DevOps Agent Telemetry Configuration

This document explains how to configure and manage the DevOps Agent’s telemetry system, including solutions for Grafana Cloud rate limiting.

Overview

The DevOps Agent includes comprehensive telemetry capabilities:

OpenLIT Integration: Automatic LLM observability
Custom OpenTelemetry Metrics: Agent-specific performance tracking
Grafana Cloud Export: Production-ready metrics export
Local Development Tools: Rich dashboard for development

Environment Variables

Core Configuration

`GRAFANA_OTLP_ENDPOINT`

Purpose: Grafana Cloud OTLP endpoint URL
Example: https://otlp-gateway-prod-us-central-0.grafana.net/otlp
Required: For Grafana Cloud export

`GRAFANA_OTLP_TOKEN`

Purpose: Grafana Cloud authentication token (base64 encoded)
Format: Base64 encoded instanceID:token
Required: For Grafana Cloud export

OpenLIT Configuration

`OPENLIT_ENVIRONMENT`

Default: Production
Purpose: Environment name for OpenLIT metrics
Values: Production, Development, Staging, etc.

`OPENLIT_COLLECT_GPU_STATS`

Default: false
Purpose: Enable GPU monitoring if GPU is available
Values: true, false, 1, 0, yes, no
Note: Requires GPU and nvidia-ml-py package.
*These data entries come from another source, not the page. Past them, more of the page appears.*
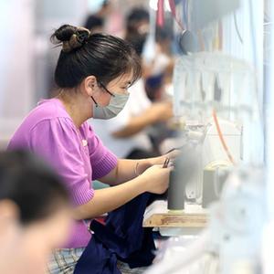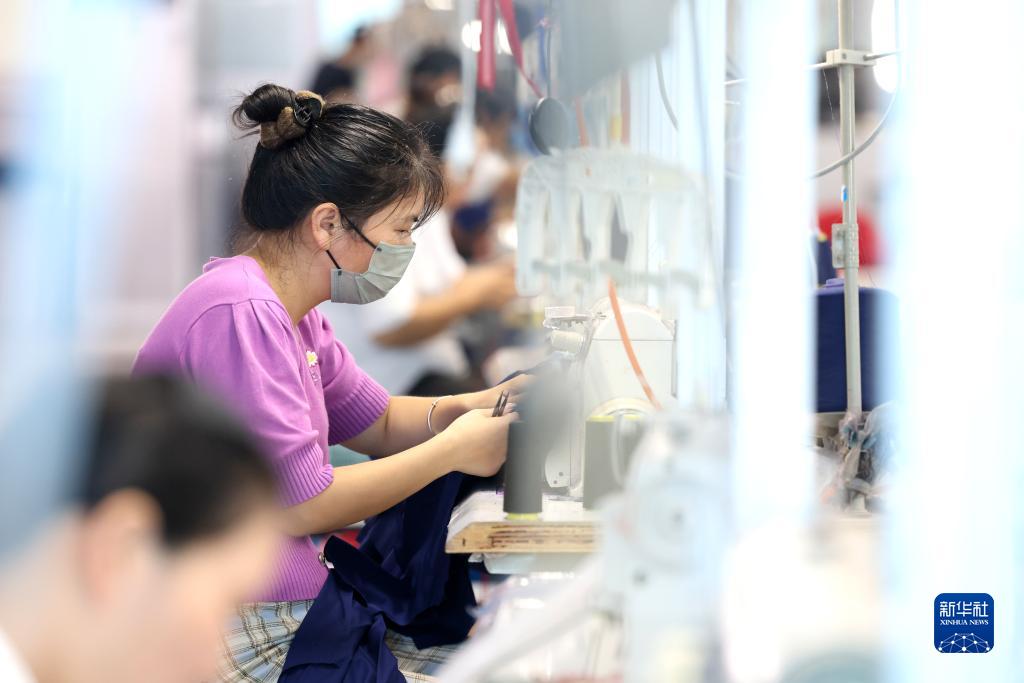 8月24日,在福建省福州市仓山区一家制衣企业,工人生产服装产品。
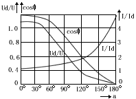 比值Ud/U、I/Id和cosψ随α的变化数值,见表一,它们相应的关系曲线,如图2所示
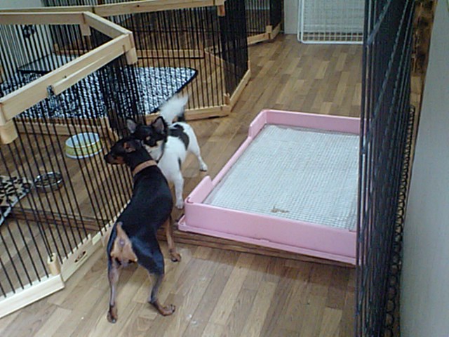チワワ シーズーちゃんズがチェックアウトして、ミニピンちゃんとチワワパピー君だけになりました。

Disabled by default to avoid warnings on non-GPU systems.

`OPENLIT_DISABLE_METRICS`

Default: false
Purpose: Completely disable OpenLIT metrics collection
Values: true, false, 1, 0, yes, no
Use Case: When you only want custom agent metrics

Rate Limiting Controls

`GRAFANA_EXPORT_INTERVAL_SECONDS`

Default: 120 (2 minutes)
Purpose: How often to export metrics to Grafana Cloud
Recommendation: Increase if hitting rate limits
Example: export GRAFANA_EXPORT_INTERVAL_SECONDS=300 (5 minutes)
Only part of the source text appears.